If you do this calculation for every column, we have the following;
| $H_1$ | $C_1(x)$ | $C_1(y)$ | $H_2$ | $C_2(x)$ | $C_2(y)$ | $\dots$ | $H_n$ | $C_n(x)$ | $C_n(y)$ |
|---|
Then calculate the commitment of this row. Represent this commitment as a $Com_{row}$. For the $node_i$, sent the column data $\{data_i^1,data_i^2,\dots,data_i^\ell\}$, $H_i$, $C_i(x)$, $C_i(y)$ and $Com_{row}$.

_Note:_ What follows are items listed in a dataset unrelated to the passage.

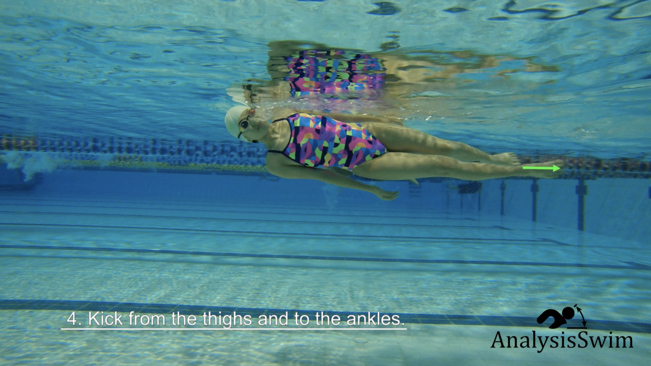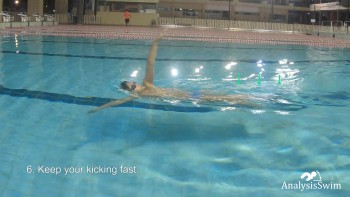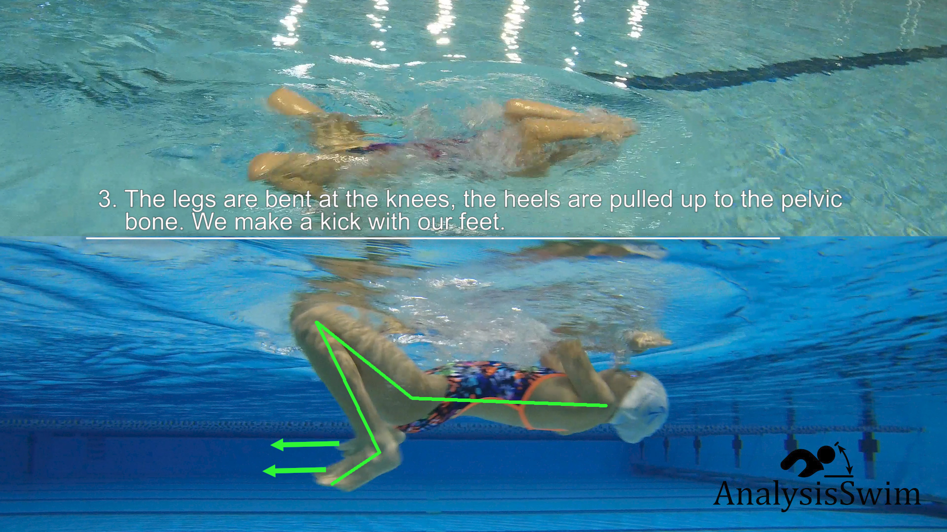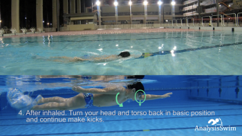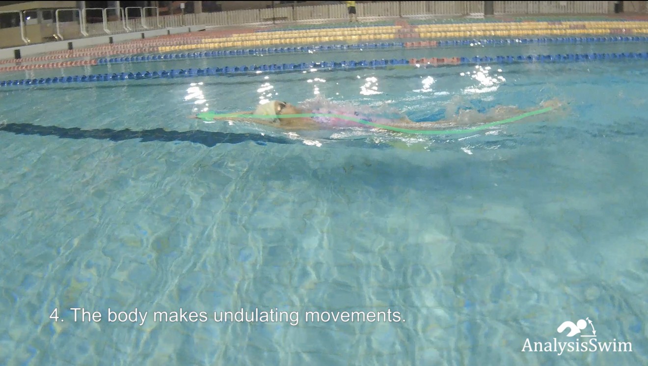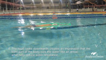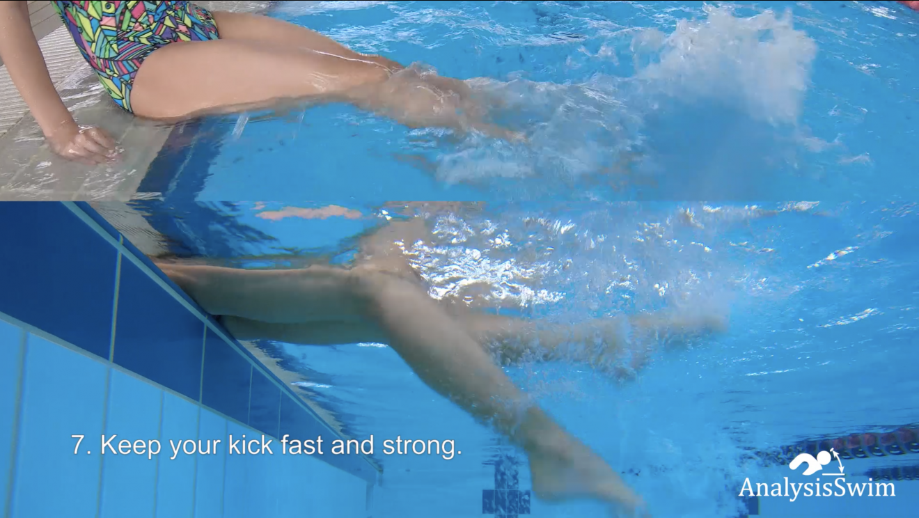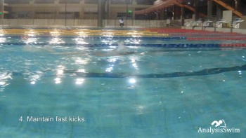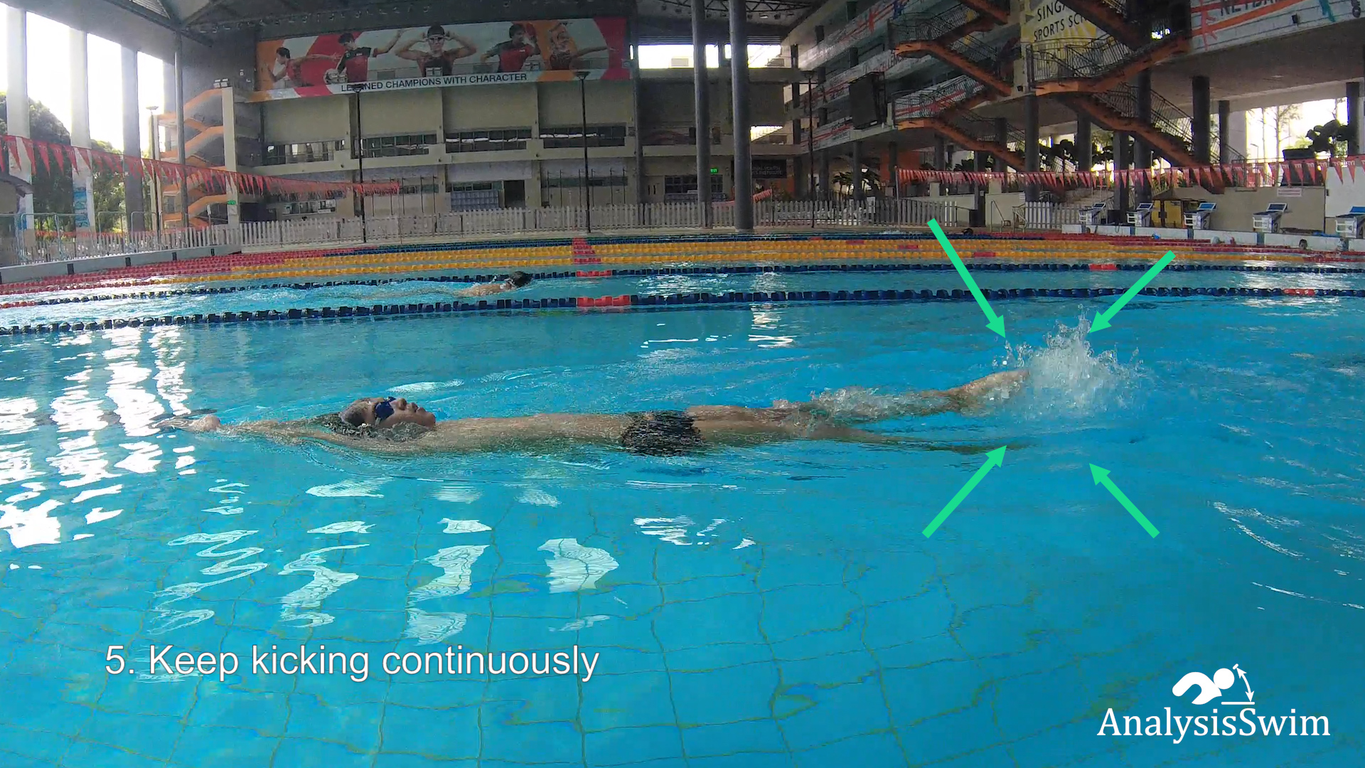 4.Kicks are made at intervals of 2-3 seconds, which makes you feel like your body is gliding forward and losing speed due to forward drag. The athlete should try to minimize the forward resistance.
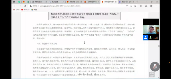 会议伊始,由苗行生老师带领同学学习《新时代的中国青年》白皮书的相关内容。白皮书全面介绍了新时代党和政府为青年发展创造的良好条件、取得的巨大成就,充分展现了新时代中国青年奋进新征程、建功新时代的青春担当,是一部记录新时代中国青年发展事业成果、反映新时代中国青年精神风貌的重要文献。
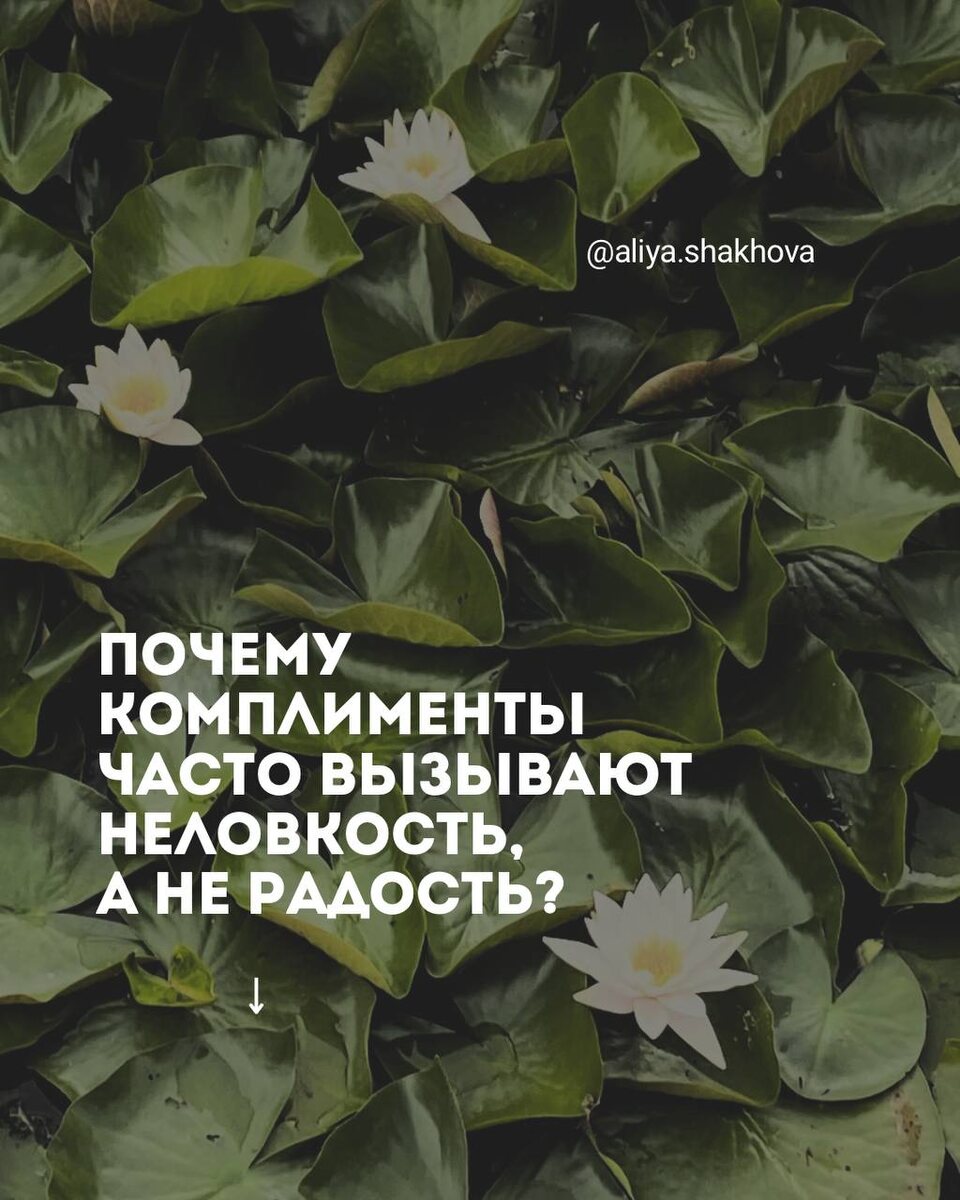 Почему комплименты часто вызывают неловкость, а не радость? — «Ты так похорошела!🤩» — говорит он. — «Ой.. ну перестань, хи-хи» — отвечаешь, а внутри: он наверное всем так говорит, ему точно что-то от меня надо…— мысленно додумала! — «Вау! Вы сделали крутую работу!» — «Ой да вы что, это всё команда. А сколько еще предстоит…» — ты додумываешь, что комплимент — это сигнал работать еще усерднее. 👆🏻И эти сценарии не дают признать любовь от мира. Мир отдает, а ты не принимаешь. Везде видишь угрозы и подвох. Это проявление неосознанного самоабьюза. Когда сама же делаешь себе больно, а потом ждешь от себя ресурсного состояния. Так не работает. Нужно менять отношение к себе. Можно научиться благодарить и принимать комплименты. Сделать так, чтобы ты чувствовала себя спокойно, уверенно. Ведь ты и правда достойна, чтобы тобой восхищались. А если у вас не так, и вы каждый раз ощущаете проблемы с принятием — это и есть привычка себя абьюзить, которую нужно менять. В блоге я подробно раскры
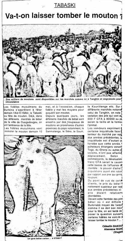 Tabaski 2012 : les prix des moutons varient de 20 000 à 170 000 f cfa à Bobo-Dioulasso
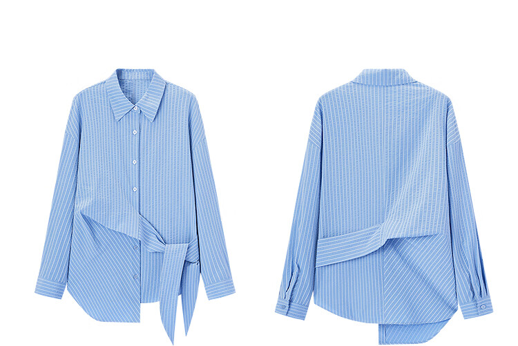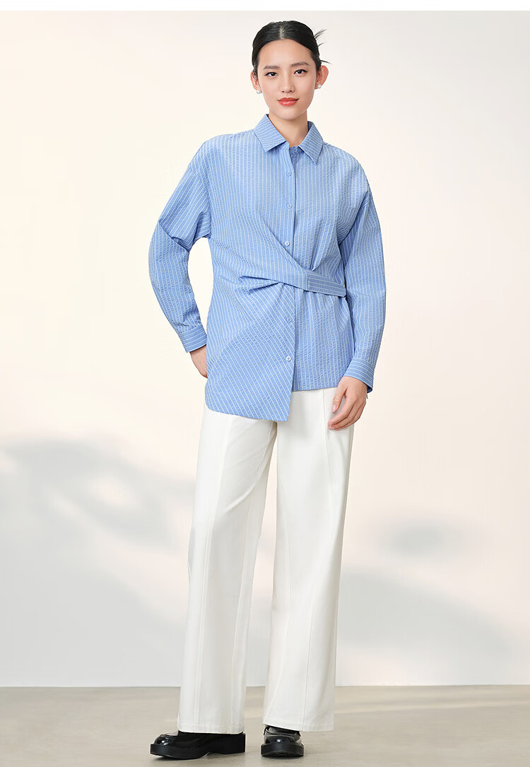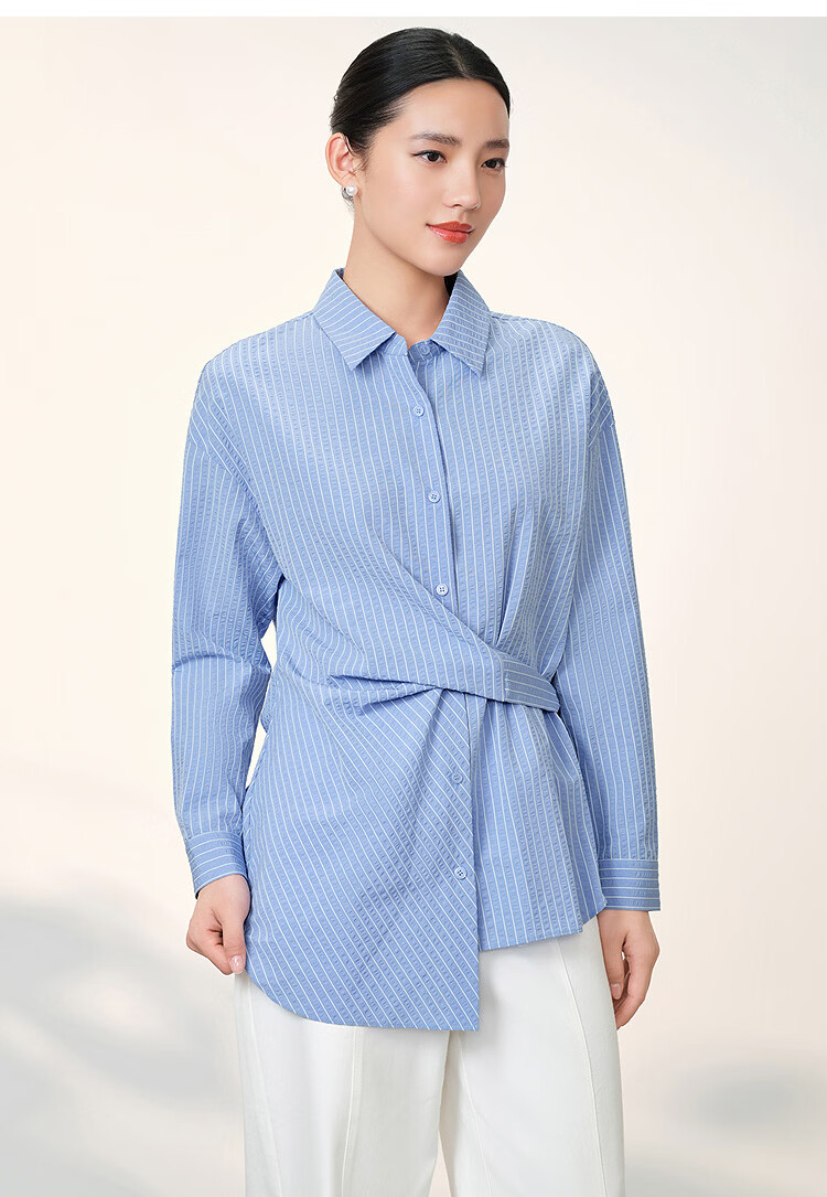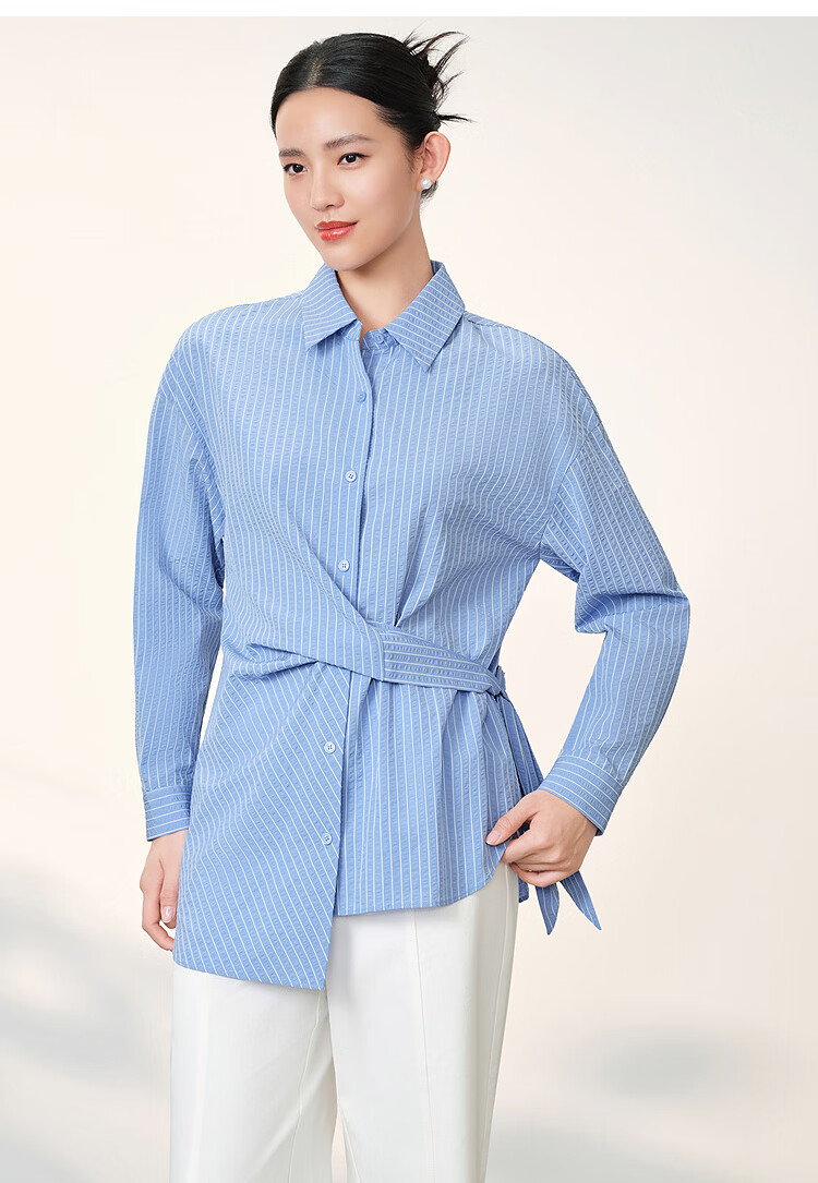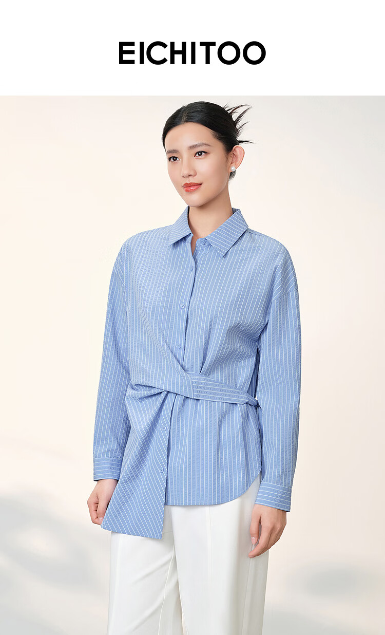 EICHITOO Classic Striped Shirt Women's 2026 Spring New Waist Commuting Casual Long-Sleeved Top ENEAJ1R008A Light Blue 09 S
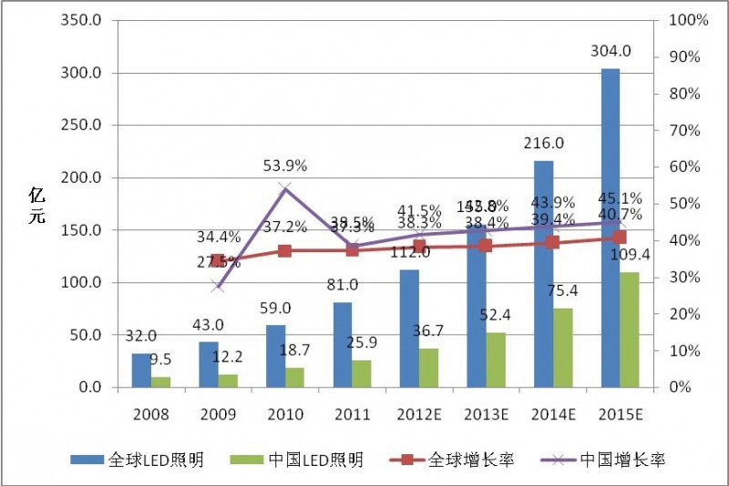 2010年增長至約82億美元,未來幾年隨著各國逐漸開始控制白熾燈,開始使用新能源,使用LED產(chǎn)品,LED的增速會越來越高。國家發(fā)改委、商務(wù)部、海關(guān)總署、國家工商總局、國家質(zhì)檢總局聯(lián)合印發(fā)《關(guān)于逐步禁止進(jìn)口和銷售普通照明白熾燈的公告》,決定從2012年10月1日起,按功率大小分階段逐步禁止進(jìn)口和銷售普通照明白熾燈,LED企業(yè)迎來利好前景。
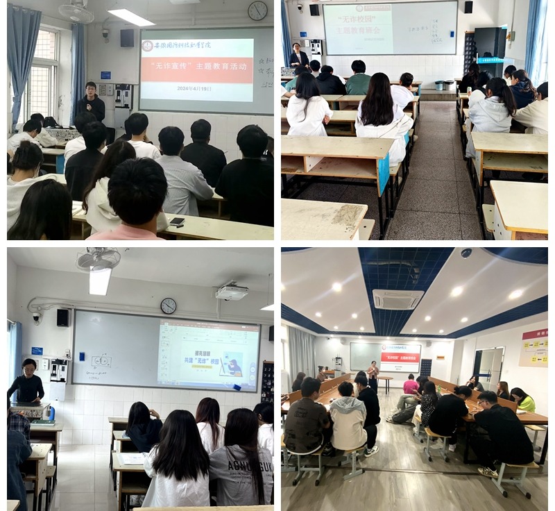 主题班会,强化宣传教育。4月22日至23日,学院各班级组织召开“无诈校园”主题教育班会。会上,各班级辅导员带领学生学习防范校园电信诈骗、防范传销进校园的典型案例和知识,引导广大同学擦亮眼睛,发挥主动性,把抵制诈骗、传销的客观要求转变为同学的自觉行动。
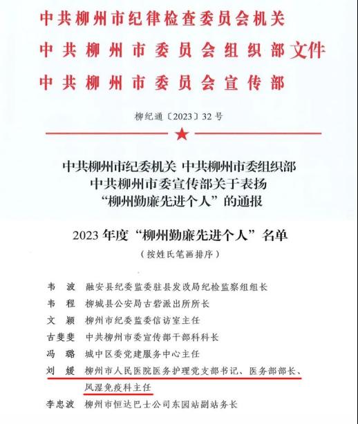 近日,中共柳州市紀委機關、中共柳州市委組織部、中共柳州市委宣傳部發布了關于表揚“柳州勤廉先進個人”的通報,對20名清廉守紀、勤政為民、愛崗敬業、無私奉獻的同志予以表揚,授予“柳州勤廉先進個人”稱號,柳州市人民醫院醫務護理黨支部書記、醫務部部長、風濕免疫科主任劉媛便是其中一員,她也是柳州市衛健系統唯一獲此殊榮的個人。

For the verification process, $node_i$, firstly wants the proofs of $H_i,C_i(x)$ , and $C_i(y)$ and verifies the proofs. After that, $node_i$ calculates the hash of the column data and checks the equality of this value and $H_i$. If this is true then $node_i$ calculates the commitment of this data and checks whether this value is equal to $C_i$ or not. If this is true, then this proves that this column is encoded correctly.
For light nodes, firstly choose a random $i$ value and want to opening of $C_i(x)$ and $C_i(y)$. If this proof holds, then choose another random value $j$ and want to opening of $data_i^j$. If this holds, then this proves that the chunk $data_i^j$ is encoded correctly.